Сладко льющаяся, тягучая, закрученная коконом спираль малеровской «Песни земли», которую он слушал в записи на пластинку, вызывала в его воображении ее смутную, уклончивую улыбку, взгляды украдкой, которые она бросает на него, медленно снимая одежду, а он умело ведет ее дальше, разжигает ее, втягивает в игру и все ближе подводит к блаженной, ослепительной черте… И тогда уж без оглядки!
Лишь одно опасение не покидало его — не то, что называют дурным предчувствием в полном смысле слова, скорее беспокойство, нет-нет да и посещавшее его. Он боялся, как бы в последний миг, когда тело ее освободится от диктата рассудка, она не пошла на попятный. Этот страх охватывал его каждый раз, когда с улыбкой слишком робкой, не способной разогнать его тревоги, она упоминала — в который уж раз! — что она католичка, папистка, воспитанница монастыря, а однажды со смехом рассказала ему, что во время монастырской жизни ей даже пришлось представлять младенца Иисуса. Все это каждый раз его пугало, напоминая, сколь печально потерпел он крах, когда дело было уже совсем на мази, со своею прехорошенькой, но, как выяснилось внезапно, чрезвычайно нравственной кузиной Бертой Онэ, давно, очень давно — он учился тогда в Нанси, в лицее; еще через несколько лет такой же поворот от ворот в Квебеке; потом в Рио — это уже была пощечина, чуть не вызвавшая скандал в обществе; все эти неудачи так болезненно врезались ему в память, что каждый раз, когда хорошенькая женщина затрагивала в его присутствии религиозную тему, даже в таком невинном контексте, как: «Слава богу, что я не купила эту шляпку, эту юбку, эти акции, эту кобылу», он словно наталкивался на барьер.

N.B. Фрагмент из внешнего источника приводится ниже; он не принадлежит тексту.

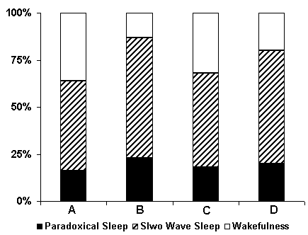 There is a controversy in the literature about the problem of influence of learning processes on the subsequent SWC. Some authors noted an increase of paradoxical sleep after learning session (Fishbein and Gutwein 1977), others, indicate to the absence of any noticeable effect (Oniani and Lortkipanidze 1985). Our results exclude the existanse of a causal relationship between learning processes and postsessional enhancement of paradoxical sleep amount.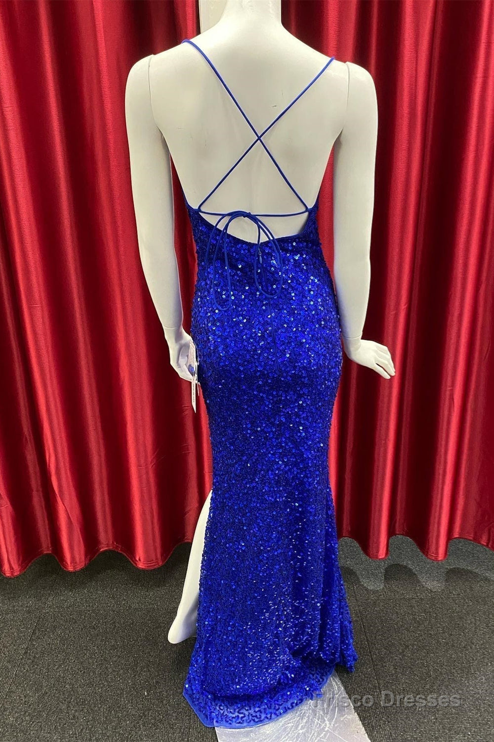 Royal Blue Lace-Up Sequins Mermaid Long Prom Dress with Slit

Он пугался до смерти, когда она произносила какое-нибудь из этих зловещих слов, и, желая обрести уверенность, прибегал к уловке, которую именовал «проба шербетом»: отпускал какую-нибудь игривую шуточку, дабы проверить, как она ее воспринимает. Например, рассказал, как юная принцесса, впервые в жизни отведав шербета, вскричала: «Ах, какая прелесть! Мне очень жаль, что это не греховно!» Его радовало, что она не только весело смеется, слушая его анекдоты, но в ответ всегда рассказывает свои, иногда поразительно грубые; лишь много позже ему пришло в голову, что она таким образом наказывала его за фривольность. Ему доводилось замечать, что священники, крестьяне и дети мрут со смеху над какой-нибудь сальной остротой, давятся от хохота, если при них даже самым туманным образом упомянут, скажем, бедра. Так что же она такое, дитя природы? А она все повторяла, она снова повторяла эти внушавшие ему тревогу слова. Будь перед ним скромница, ханжа, тогда бы все понятно, но она-то чего ради произносит их? Может быть, эти слова, как острая приправа, придают пикантность ожиданию, усугубляя удовольствие своей порочностью? Может быть, они, как удары хлыста, подстегивают ее пуританскую чувственность, помогая сделать последний рывок и выбраться из трясины нерешимости? И лишь когда они уже переступили порог, у него забрезжила догадка, не предупреждала ли она его таким образом, что она не легкомысленная и не распутная женщина, не кокетка, не вертушка, что в сердечных делах она une femme très sérieuse [84] Женщина очень серьезная (франц.).
.
Обо всем этом он мог бы догадаться и гораздо раньше. Чуть ли не с первого дня он знал, что она принадлежит к высшему обществу, ее отец — судья в Верховном суде, дядюшка — высокое духовное лицо в Ватикане, образованный светский прелат, любящий спорт и не чурающийся новшеств, — убедил ее папеньку послать ее для завершения образования в Рим в монастырь Сердца Христова, что возле площади Испании; его выбор, как впоследствии выяснилось, главным образом определяло то, что монастырь находился неподалеку от клуба верховой езды на вилле Боргезе, а по мнению его преосвященства, образование богатой девицы могло считаться завершенным лишь после того, как она получала полный комплекс знаний по части псовой охоты. Ферди узнал от нее множество презабавных, занятных вещей о ее дядюшке. В положенное время она возвратилась из Рима в Дублин, и каждый раз, когда его преосвященство приезжал на родину поохотиться, они ездили верхом вдвоем. Дядюшкино внимание представлялось ей весьма лестным, пока она не обнаружила, что служит ширмой, прикрывающей его безудержную страсть к леди Кинвара-и-Локрей, в те времена главе охотничьего общества.
— Сколько же вам было тогда лет? — спрашивал очарованный Ферди.
— Я училась в университете. Дивные четыре года, я провела их в полнейшем безделии. Но диплом я защитила. Я была способной девочкой. И, — добавила она с улыбкой, — хорошенькой. Это действует даже на профессоров.